How Do You Distinguish a Rohingya? The Dangerous Turn in Malaysia’s Anti-Refugee Panic
The racist Change.org petition demanding the “removal” of Rohingya refugees from Malaysia is now under review.
But the anti-Rohingya campaign has not disappeared with the suspension of one petition page. It is mutating. It has moved from petition language to social media vigilantism, from “resources” and “security” to crude attempts to identify, isolate and mark out Rohingya bodies in public space.
The latest example is a poster circulating on Malaysian social media asking:
“How do you distinguish a Rohingya person from a Bangladeshi?”

On the surface, the poster tells people not to rely on face, skin colour, beard, nose shape or clothing. It says Rohingya and Bangladeshis may look similar. It advises people to look instead at documents, language, or a person’s own explanation of their origin. It ends with the soft line: “Respect every individual. Do not judge only from the outside. We are all human.”
That final sentence is supposed to make the whole thing sound humane. It does not. Because the question itself is already rotten.
Why are Malaysians suddenly circulating graphics about how to distinguish Rohingya from Bangladeshis? Why has this become a public concern? Why are people being sorted like this at all?
The answer is obvious. The anti-Rohingya climate has become so ugly that people are no longer only debating policy. They are trying to identify bodies.
This is where racist panic always goes. First comes the petition. Then the rumours. Then the memes. Then the “educational” graphics. Then the street-level sorting - who belongs, who does not, who is legal, who is illegal, who is safe, who can be harassed, who can be removed.

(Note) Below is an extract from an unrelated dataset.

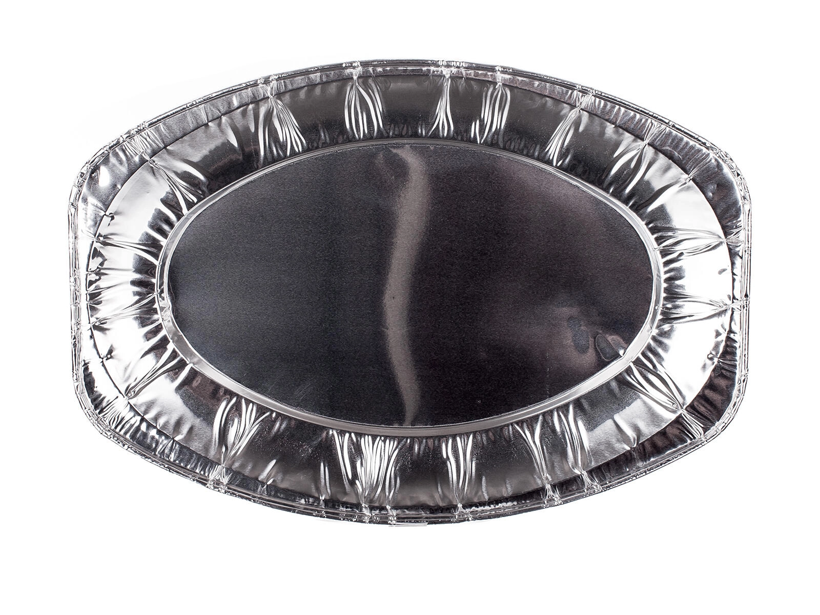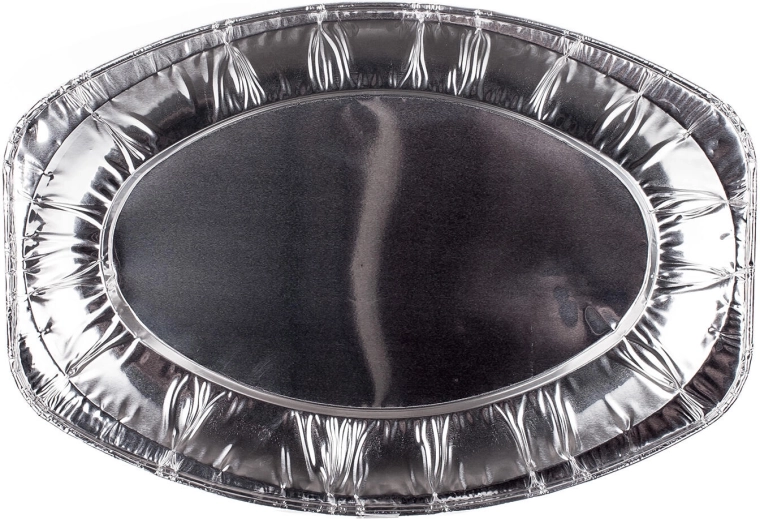 Praktyczna owalna taca do serwowania z aluminium o wymiarach 33,5 × 23,5 cm, w opakowaniu po 2 sztuki, idealna do grillowania, pieczenia i serwowania. Lekki i wytrzymały materiał zapewnia wygodną obsługę i higieniczne podawanie potraw. Odpowiednia do grillowania mięsa i innych dań, niska waga oraz łatwa utylizacja lub recykling po użyciu.

A poster that asks how to tell Rohingya from Bangladeshis is not neutral information in the present climate. It is ethnic sorting under mob conditions. The issue is not that Bangladeshis may be mistaken for Rohingya. The issue is that Rohingya have been marked as people against whom hostility is already presumed.

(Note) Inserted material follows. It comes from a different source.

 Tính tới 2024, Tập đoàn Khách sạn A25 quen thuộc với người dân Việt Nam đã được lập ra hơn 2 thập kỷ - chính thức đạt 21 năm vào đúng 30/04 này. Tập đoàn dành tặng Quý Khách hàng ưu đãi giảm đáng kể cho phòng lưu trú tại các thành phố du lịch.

There are already social media posts making the logic explicit. On Threads, one post used almost the same framing — “How do you distinguish Rohingya from Bangladeshis?” — with the phrase “Takut tersalah lempang”, meaning roughly - afraid of slapping the wrong person.

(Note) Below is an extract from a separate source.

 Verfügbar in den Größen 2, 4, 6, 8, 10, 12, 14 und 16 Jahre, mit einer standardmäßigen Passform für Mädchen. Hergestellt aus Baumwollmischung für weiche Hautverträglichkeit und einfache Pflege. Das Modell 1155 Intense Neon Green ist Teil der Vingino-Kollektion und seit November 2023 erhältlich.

That sentence strips away all pretence.
The concern is not that someone may be assaulted. The concern is that the wrong person may be assaulted. This is what the poster’s softer language cannot hide. In a climate where Rohingya are being demonised as criminals, invaders, parasites and burdens, identification graphics do not simply “educate”. They help normalise the idea that Rohingya are a category to be detected.
And once a population has to be detected, it is already being prepared for punishment.
This is why the Change.org petition mattered. It did not create anti-Rohingya racism in Malaysia. That racism has been circulating for years in media narratives, political speech, immigration enforcement, social media rumours and public hostility. But the petition gave it a mass political vehicle. It transformed prejudice into a visible count. More than 400,000 signatures told the mob that its instincts were not shameful but popular.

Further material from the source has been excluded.